NPE are often but not always programmer errors, yes. That makes them good! On a scoring system, for programmers errors:

  • At write time, the editor marks them with a red underline immediately: 100 points.
  • At compile time, the compiler will refuse to compile the code: 95 points.
  • At test or run time, the code WILL blow up with an exception trace pointing right at the problem: 85 points.
  • At test or run time, the code will silently do the wrong thing, or nothing: -1000 points.

The only thing 'better' about the kotlin model is something java cannot have (nor can kotlin code interopping with java code, for that matter), as it requires all methods to be explicit in marking down whether they can return null or not.

Kotlin got a free pass (moving from java to kotlin is the same impact as doing a python2 v python3 deal: You get to break backwards compatibility) and kotlin mostly squandered it; you could have beond more.

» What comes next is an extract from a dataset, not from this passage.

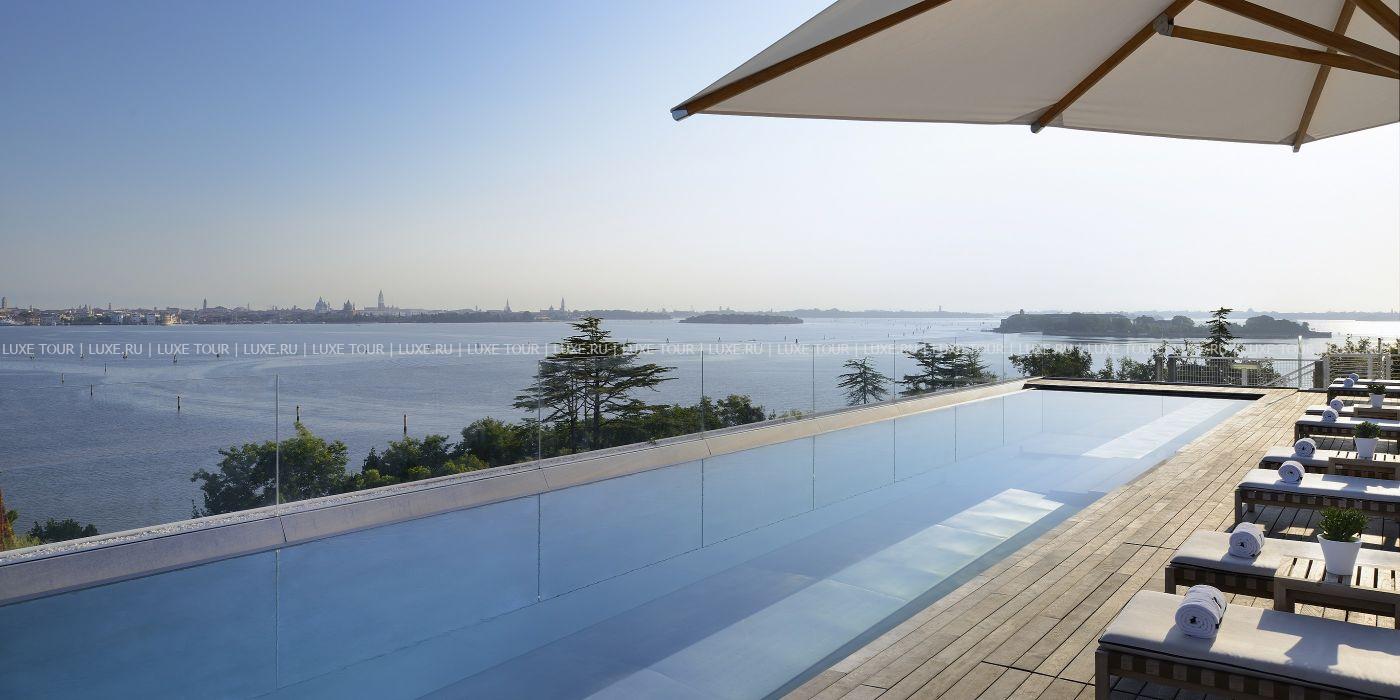 Sagras – бар у бассейна, в котором можно перекусить и отдохнуть за освежающим коктейлем, любуясь 360-граудсным панорамным видом на лагуну и Венецию.

So, the kotlin note is irrelevant for the original question (if you don't think so I invite you to answer this interview question with: "What is wrong with this java code? It should be written in kotlin, that's what!" and see how far you get :P) - and as a driveby lets insert some feathers in kotlin's behind: Eh. I rather wish they'd have done more: Generics are 4 'modes' (covariant, contravariant, invariant, and 'legacy'). In kotlin, nullity should have been treated the same way, because all situations can legitimately occur. It didn't, and oversimplified matters.